Thanks for your reply! I own a gym and have been developing this fitness product (design, testing, changes, etc) for 2 years. Obviously I have a lot already invested in getting the product to this point. It is also created for an industry that I am very familiar with. Our discussions to this point have been with the assumption that he will bring in capital, and will contribute in areas to be determined and outlined in our agreement. He also has partnership experience (is currently involved in 3 other partnerships).
I have two main concerns that I am looking to satisfy: 1) This product is one part of my business concept. I also have two other products that will be manufactured after this, as well as an entire fitness program designed around the implementation of these products. The partnership will only be for one of these products (as of now). Therefore, I don't know how to handle the possibility of the product being largely successful and at some point them wanting to sell. Would a clause defining an option to buy them out solve this?
2) I feel that the package deal of myself/experience/knowledge and the product are worth more than their capital investment of $30k. I'm not sure if this is ego or common sense (since this is all in theory at the moment).
Scott,Thank you for your follow-up. Please allow me to respond to each point that you raised below: 1) This product is one part of my business concept. I also have two other products that will be manufactured after this, as well as an entire fitness program designed around the implementation of these products. The partnership will only be for one of these products (as of now). Therefore, I don't know how to handle the possibility of the product being largely successful and at some point them wanting to sell. Would a clause defining an option to buy them out solve this?
There are a couple of issues here. Typically any product development within the partnership is owned by the partnership unless and until the parties agree to keep those assets out of the partnership via agreement. It also may be a potential fiduciary breach of duty violation by creating further products outside the partnership which can compete with the current business. Those concerns can be first resolved in writing so that the parties know what belongs within the partnership and what does not. As for a 'buy-out', that is likewise possible to enter into the terms. But from what you are describing you appear to be looking more for a limited partner or silent investor rather than equal partner, if what you are seeking is a buy-out in terms of success. Perhaps you may want to consider exactly what the relationship may be especially since from a legal perspective 'sweat' equity, 'skull' equity, management, or financial backing make no difference in terms of larger or small rights to a partnership, what governs instead is the percentage on which the partners themselves agreed upon.
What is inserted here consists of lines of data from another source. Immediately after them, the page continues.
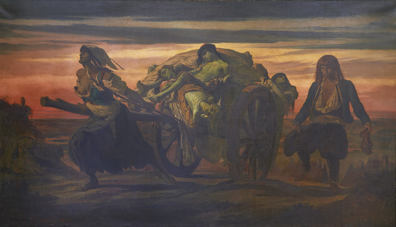 On ne représente pas la peste, mais ses conséquences immédiates : la mort inéluctable et les amoncellements de cadavres. L’image du tombereau transportant les cadavres traverse les époques et illustre avec une grande acuité la préoccupation première des sociétés : la gestion des corps. On se méfie des morts et de leurs odeurs nauséabondes qui charrient autant de miasmes. Aussi, l’urgence est à l’ensevelissement des cadavres et à l’impérieuse nécessité d’agrandir les cimetières, comme le précisent de nombreuses chartes. Il est important de noter, par ailleurs, que dans les textes anciens le mot « peste » désigne de nombreuses maladies et non pas nécessairement la peste au sens où on l’entend aujourd’hui (Yersinia pestis). En revanche, lorsqu’il est question de « corruption moult périlleuse » ou de « grant et excessive mortalité », l’évocation de la démesure permet de s’assurer qu’il est bien question de la grande peste. Le tableau de Louis Duveau (fig. 1 ) illustre une scène du Barzaz Breiz, recueil de chants bretons collectés par Théodore de La Villemarqué en 1839. Dans La Peste d’Elliant, une femme tire une charrette dans laquelle gisent, entassés, les corps de ses neufs enfants, tous morts de la peste. Son mari la suit en sifflant : il a perdu la raison. Cette tragédie a inspiré l’artiste pour dépeindre une mort collective, fatalité devant laquelle on reste impuissant.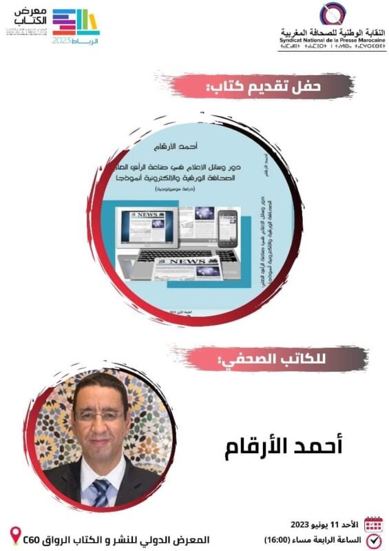 يوقع الزميل الصحافي والكاتب أحمد الأرقام، غدا (الأحد)، على الساعة الرابعة بعد الزوال، كتابه حول “دور وسائل الإعلام في صناعة الرأي العام. الصحافة الورقية والإلكترونية، دراسة سوسيولوجية”، برواق النقابة الوطنية للصحافة المغربية C60 بالمعرض الدولي للكتاب، الذي يختتم فعاليات دورته الحالية اليوم بالرباط.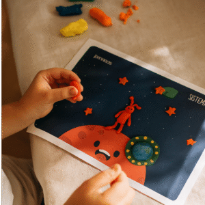 Outra brincadeira: Troque a massinha por pincéis para quadro branco e experimente desenhar sobre o plástico. Depois é só usar um paninho ou lenço de papel e apagar tudo. Você terá um “desenha e apaga“!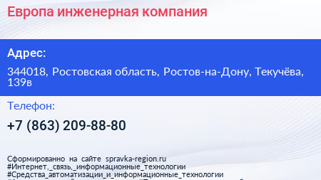 Европа, инженерная компания по адресу 344018, Ростовская область, Ростов-на-Дону, Текучёва, 139в в дальнейшем Организация, размещена в следующих категориях: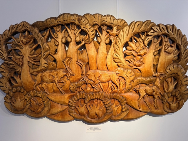 Ещё один выставочный экспонат – плоскорельефное резное деревянное панно авторства Василя Касимова: на поляне густого леса сошлись в поединке два рогатых красавца, готовых в бою доказать свою мощь и силу.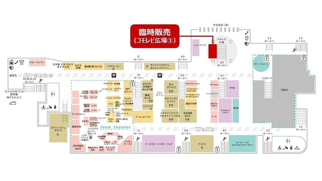- 中央改札南 臨時販売(コモレビ広場)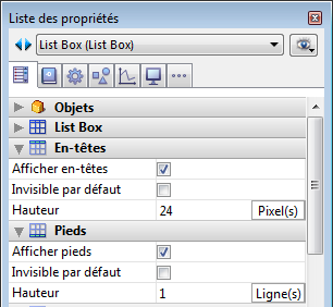Hauteur : permet de définir la hauteur de la ligne d’en-tête et de la ligne de pied de la list box. Vous pouvez choisir l’unité (lignes ou pixels) de la valeur de hauteur. Pour plus d'informations sur ce point, reportez-vous au paragraphe Hauteur en pixels ou en lignes ci-dessous. Par défaut, la hauteur des en-têtes et des pieds est de 1 ligne. Attention : la hauteur minimum en pixels des en-têtes dépend du système. Si vous passez une valeur trop petite, elle sera remplacée par la taille minimum définie dans le système pour les en-têtes. Il n’y a pas de taille minimum pour les pieds et les lignes. Note de compatibilité : Sous Windows 7 et Windows Vista, la hauteur minimale des en-têtes est de 24 pixels. Les en-têtes de hauteur inférieure éventuellement définis dans vos bases converties seront automatiquement redimensionnés. Dans ce cas, il vous sera peut-être nécessaire de retoucher vos formulaires.

You may be right as there is no rule of thumb here--what counts is what you and your partner both legitimately evaluate each of your investments to be. If you believe his investment is worth 30% or even 10% and he agrees, it is valid. But this is something you both would need to discuss together and between the both of you so as to find out the fairest split. Some inventors hold the lion's share of the ownership while others keep a minority share due to the excessive financial investment. This is really for you both to fairly evaluate.